The prosecutor then called as a rebuttal witness the father of the victim of the abortion. Over objection, the father was permitted to tell the jury that, on the day following the abortion (thirteen months before the trial), Schneidewind had told the father the same things that he told the jury on this trial, as to his (Schneidewind's) and defendant's complicity in the abortion.
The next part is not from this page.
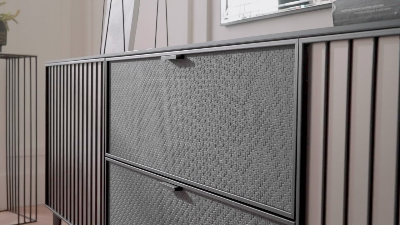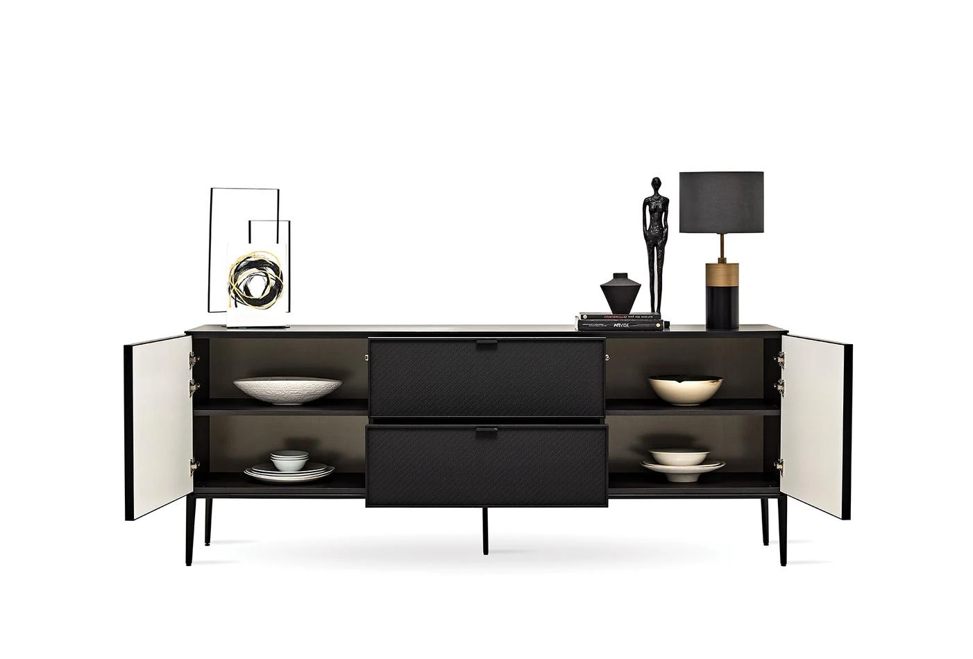 · Апликация на черна профилна рамка на 2 броя чекмеджета и врати

Defendant argues to us that this rebuttal testimony of the father was an illegal buttressing of Schneidewind's sworn trial testimony by a showing of previous extrajudicial, unsworn statements of like import. The contention is that this rebuttal did not come within the exception to the hearsay rule, stated by this court in Ferris v. Sterling (
Of course, if the word "recent" in this court's formulation of the exception, in the cases above cited, means that the witness' statements at the trial must have been assailed as having been fabricated at some point just before the trial, this was no case for applying the exception. But we think that "recent" as so used, has a relative, not an absolute meaning. It means, we think, that the defense is charging the witness not with mistake or confusion, but with making up a false story well after the event (see Commonwealth v. Retkovitz,
The testimony of the girl's father, when received, illustrated the justice and soundness of the exception, since the father told the jury that Schneidewind, at the hospital, when the girl was near death, disclosed his own and defendant's guilt, in urging the father to dismiss defendant as his daughter's physician.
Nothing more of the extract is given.